Il s’agit d’un ensemble de dispositions dont certaines agissent sur la conjoncture et d’autres sur les
structures. Ces dispositions résultent de négociations entre le pays endetté et l’institution pour
modifier le fonctionnement économique du pays. Le FMI conditionne son aide à la mise en place de
réformes à caractère libéral qu’il considère pérennes : marchandisation des biens, dérégulation de
l’économie, ouverture au libre marché mondial.
Cependant que sociologues, politologues, etc. ne s’intéresse plus au développement, Rist et d’autres se
saisissent du sujet. Dans le contexte néo-libéral mettent en avant des problématiques majeures qui
empêchent la réussite de ces objectifs :
∆ La technicisation : le problème majeur de l’idéologie néo-libéral est qu’elle sectorise et divise pour être
efficace mais elle ne replace pas par la suite ses théories dans un contexte de rapports sociaux.
∆ La dépolitisation : l’idéologie néo-libéral, dans son rejet de l’Etat, opère par extension un oubli du
politique. Désormais, personne ne penserait plus le développement politique et social comme processus
de l’histoire. Une technique parfaite, et dépolitisée est parfaitement inutile car inapplicable. Ne jamais
s’interroger sur la débilité de l’Etat, ne pas anticiper la situation : c’est s’assurer un échec.
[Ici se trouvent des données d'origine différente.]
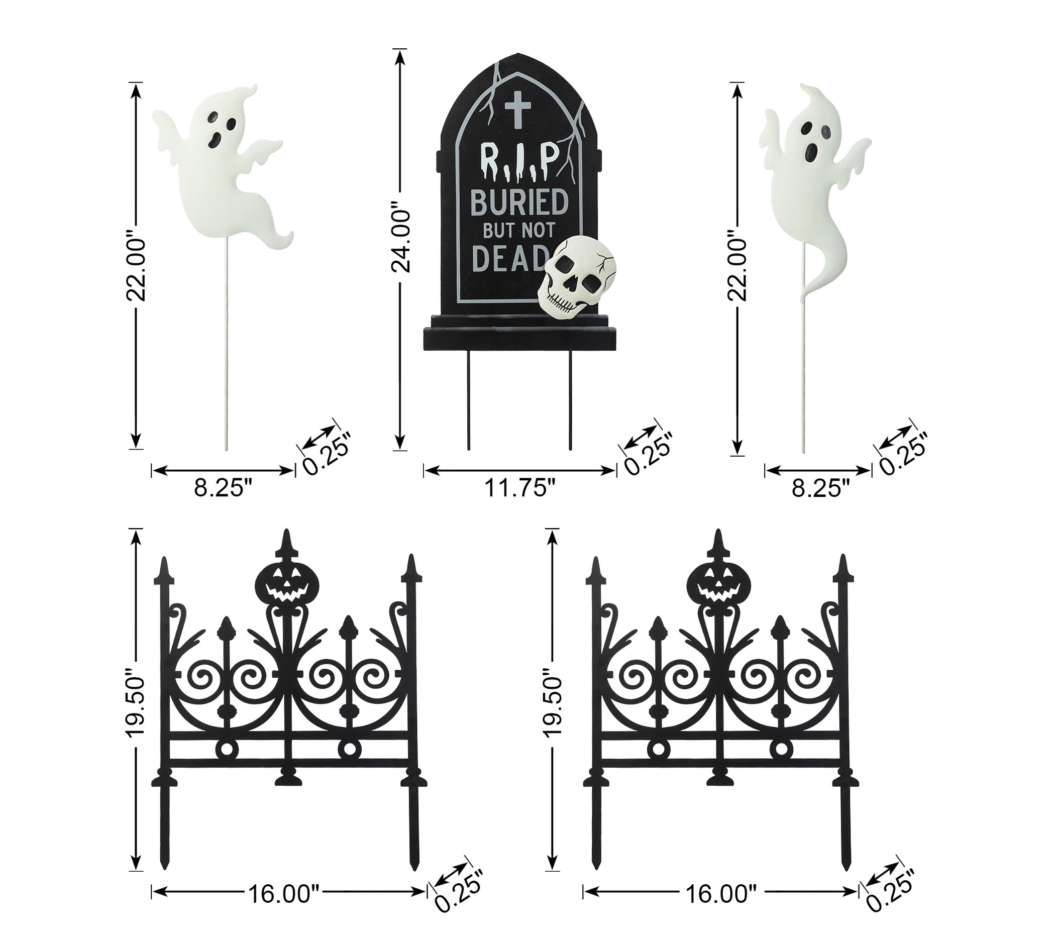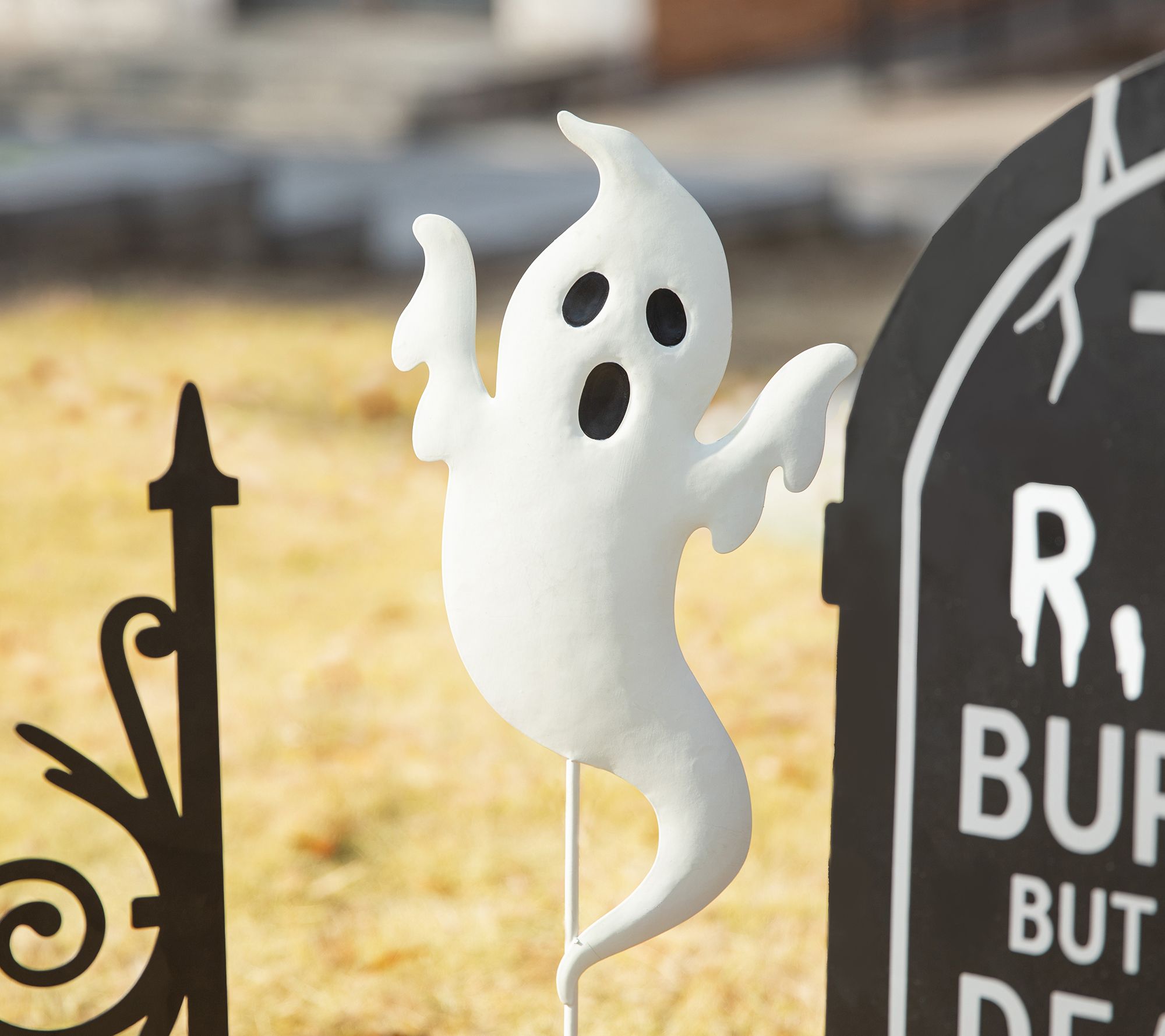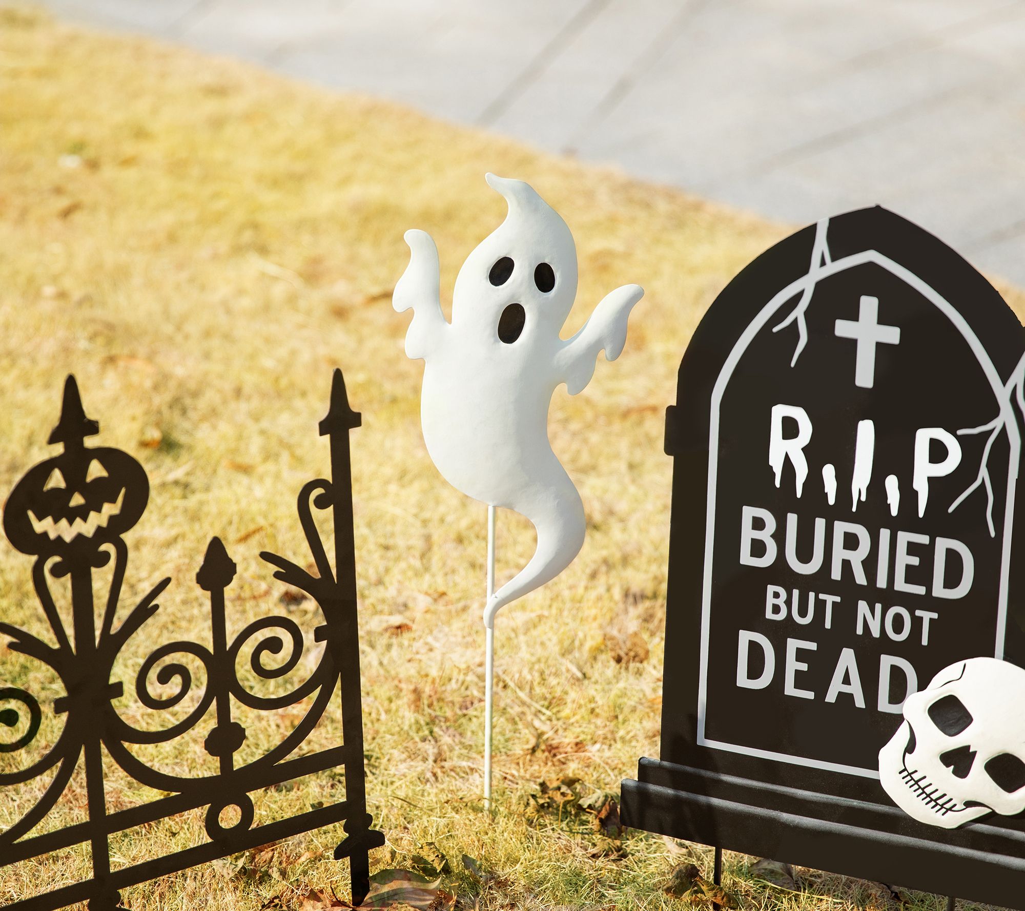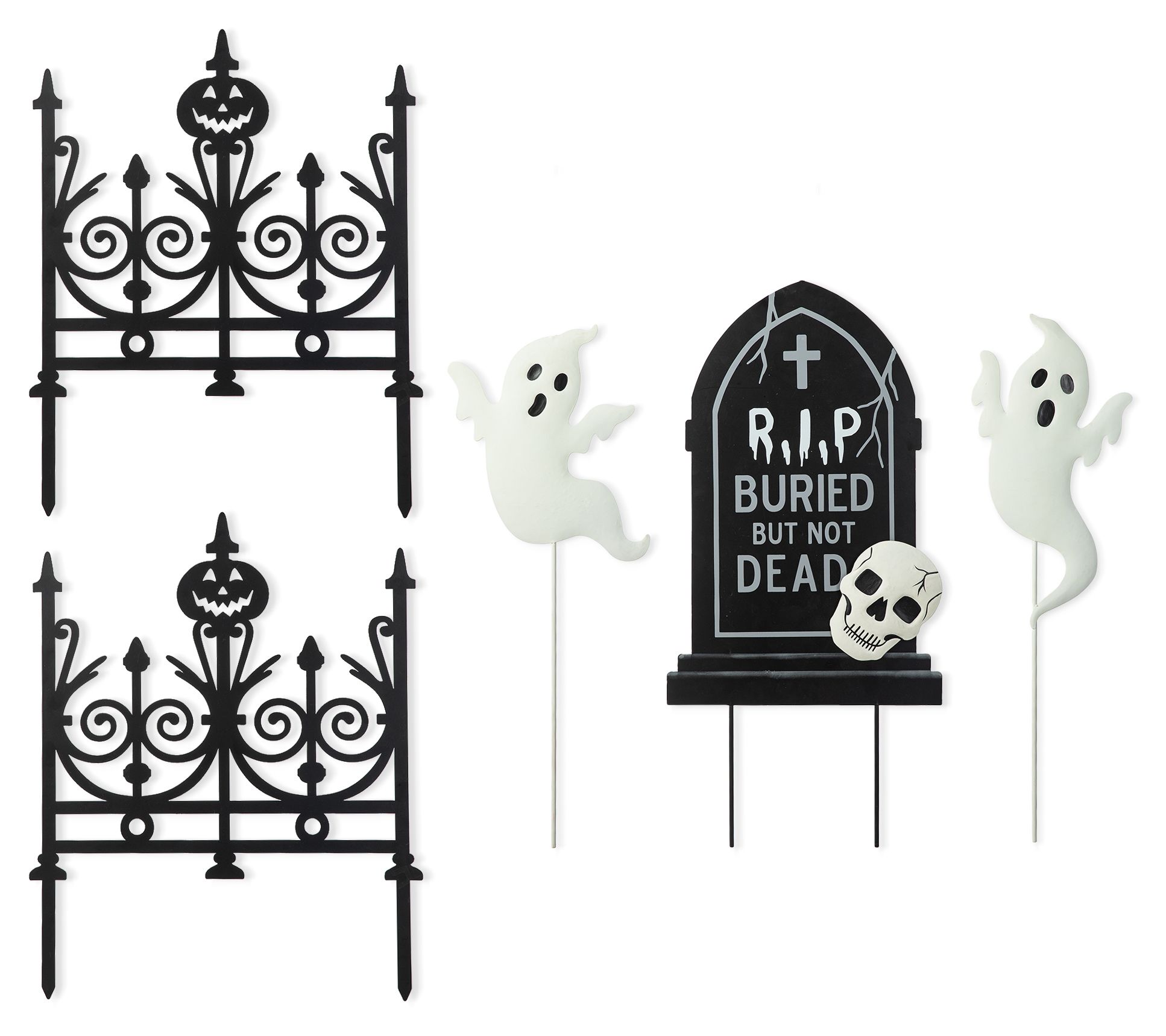 Spook your trick-or-treaters with the Glitzhome 24"H Halloween metal graveyard set. This five-piece garden stake set features a fence, tombstone, and ghost that create a scary silhouette anywhere in your yard. Place the iron stakes for a versatile and festive display. From Glitzhome.

Exemple : lecture technique et descriptive de comment le Maroc peut investir dans certains secteurs plutôt
que d’autre, mais oubli des raisons sociales pour lesquelles le pays refuse tout simplement d’investir depuis
des années dans certains secteurs.
La politique de la Banque Mondiale est donc parfaitement inutile puisque parfaite sur le plan technique
mais aveugle de la réalité politique. De plus, celle-ci se refuse à intervenir dans la souveraineté des
Etats : des mesures appliquées dans des Etats débiles sont inutiles. Les plus cyniques disent que ni la
paix ni l’égalité sociale ne seront jamais. Ceci pour dire que l’opposition au développement se justifie
au moins pour cette dénonciation.
L’Île de Nauru se situe dans le Pacifique entre la Chine et l’Australie. Elle est aussi appelée Bird Shit
Island parce qu’on y extrait du guano (fiente d’oiseau) pour produire du phosphate.
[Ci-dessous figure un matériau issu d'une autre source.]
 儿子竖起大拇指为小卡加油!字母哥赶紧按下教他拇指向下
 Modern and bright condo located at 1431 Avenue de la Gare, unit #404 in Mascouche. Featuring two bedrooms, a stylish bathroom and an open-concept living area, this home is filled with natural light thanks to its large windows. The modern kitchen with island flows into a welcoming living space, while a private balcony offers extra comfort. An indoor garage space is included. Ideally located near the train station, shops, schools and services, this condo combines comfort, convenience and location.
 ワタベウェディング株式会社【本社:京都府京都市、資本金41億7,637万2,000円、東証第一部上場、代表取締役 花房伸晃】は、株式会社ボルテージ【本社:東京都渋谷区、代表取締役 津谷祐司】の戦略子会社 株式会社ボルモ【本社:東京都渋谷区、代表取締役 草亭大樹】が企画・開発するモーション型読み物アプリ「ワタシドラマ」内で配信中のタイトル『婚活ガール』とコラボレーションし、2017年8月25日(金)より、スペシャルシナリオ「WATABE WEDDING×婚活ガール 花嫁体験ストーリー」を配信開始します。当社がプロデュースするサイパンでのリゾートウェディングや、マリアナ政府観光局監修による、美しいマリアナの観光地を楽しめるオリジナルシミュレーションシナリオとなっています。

Nauru est découvert au moment de la colonisation par les Anglais qui identifient la capacité extractive
de l’île. Elle sert d’abord de refuge à des déserteurs et des pirates. Quand une nouvelle population
s’installe sur une île, des relations et des conflits s’installent. Conflits, guerres, ressources.
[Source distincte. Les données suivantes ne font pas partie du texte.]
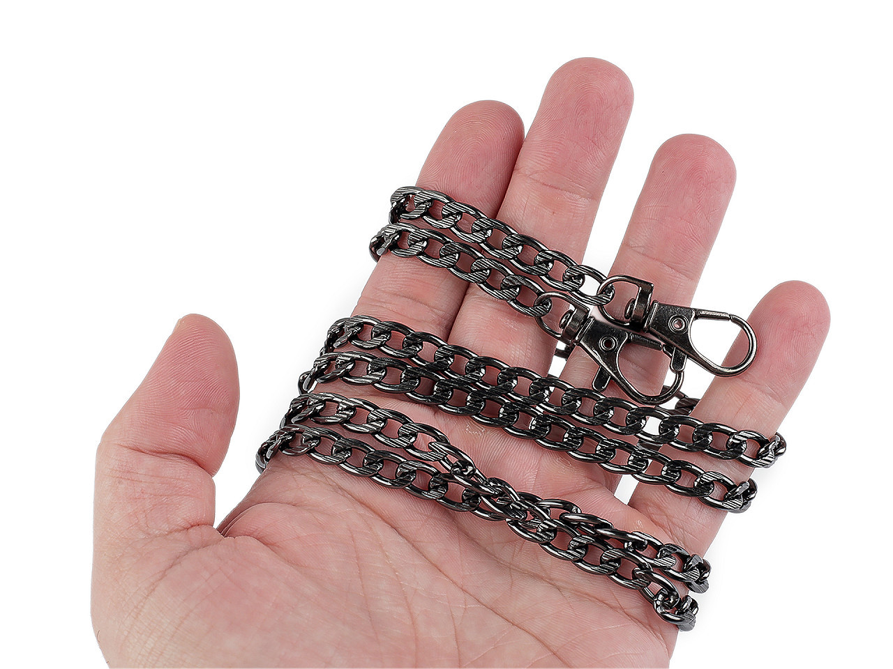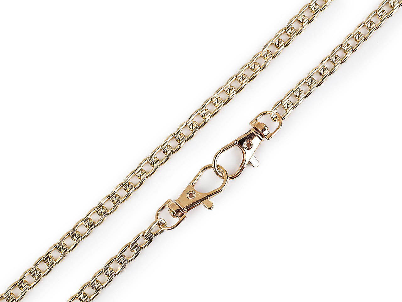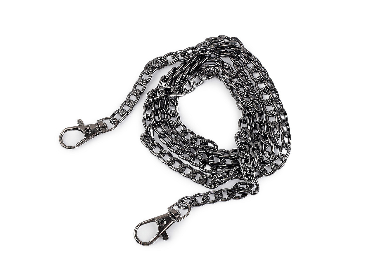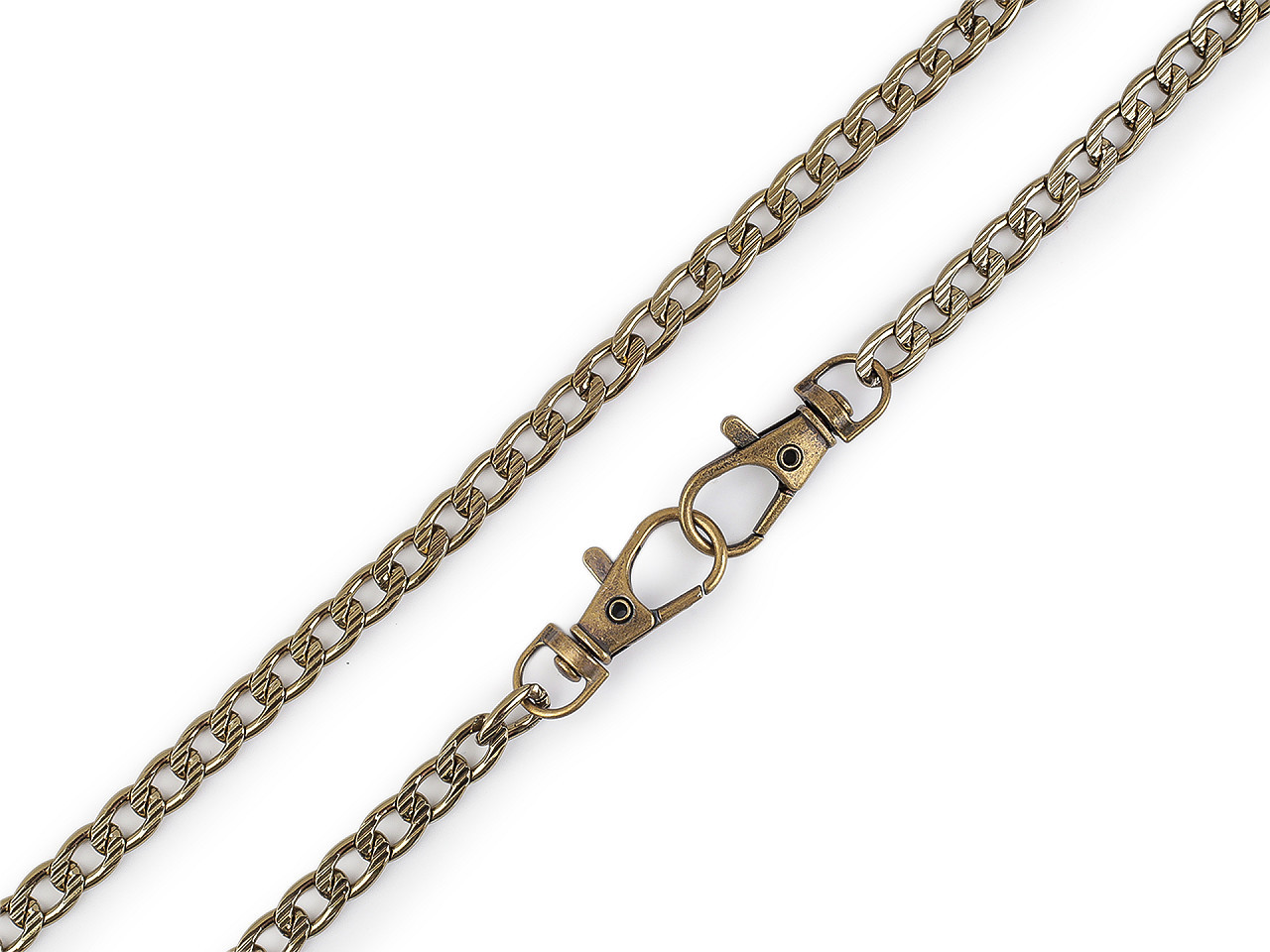 Řetízek je zajímavým svým povrchem, který zdobí reliéf. Očka jsou oválná. Řetěz nemá žádné zakončovací karabinky. Využijete ho hlavně na ucha kabelek nebo na ozdobení bot, klobouků apod.
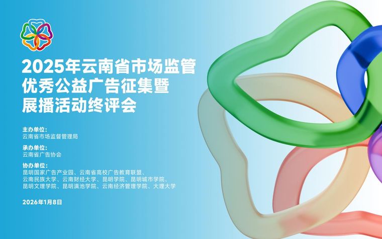 昆明信息港讯 记者李红鸾 2026年1月8日,云南省市场监督管理局主办、云南省广告协会承办的“2025年云南省市场监管优秀公益广告征集暨展播活动”终评会,在昆明国家广告产业园顺利举行。活动以“汇聚广告力量,点亮云品之光”为主题,旨在发挥公益广告在品牌建设、诚信文化弘扬、科学消费引导、市场秩序规范中的积极作用,推动市场监管文化建设与事业高质量发展。
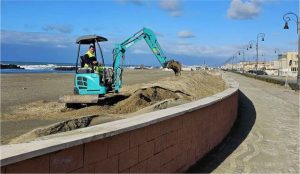 L’assessore all’Ambiente, Stefano Costa, si è fatto portavoce degli interventi nei punti impraticabili del lungomare, da piazzale Molinari fino a via Lucio Visentini. La ditta titolare di bonifica, vagliatura e rimozione dei rifiuti sulle spiagge si è presentata con due mezzi meccanici e diversi operatori. Con un bobcat è stata infatti prelevata la sabbia sulla pista e lungo il marciapiede per essere “riconsegnata” all’arenile, all’interno del muretto di contenimento, dove una ruspa ha poi provveduto a spianarla.

Depuis le XIXe les Chinois viennent prélever du Guano. Les allemands arrivent, le conflit dure et
l’empire allemand récupère la possession de l’île et développe l’extraction massive de phosphate. Les
chinois qui ont un pied sur l’île depuis longtemps négocie et les australiens font valoir leur proximité.
Les allemands perdent la possession et chinois et australiens s’en partagent l’exploitation. Dans les
années 70, la montagne de Guano n’est plus, tout a été extrait.
L’activité extractive se finissant, Nauru invoque l’ONU pour se voir reconnu son statut de victime :
celui-ci lui sera accordé mais sans réparation matérielle à la clef, un droit de siège lui sera accordé.
Aujourd’hui, Nauru travaille en vendant son vote à la Russie au CS de l’ONU. Nauru l’allié fidèle de la
Russie est rémunéré pour cette raison.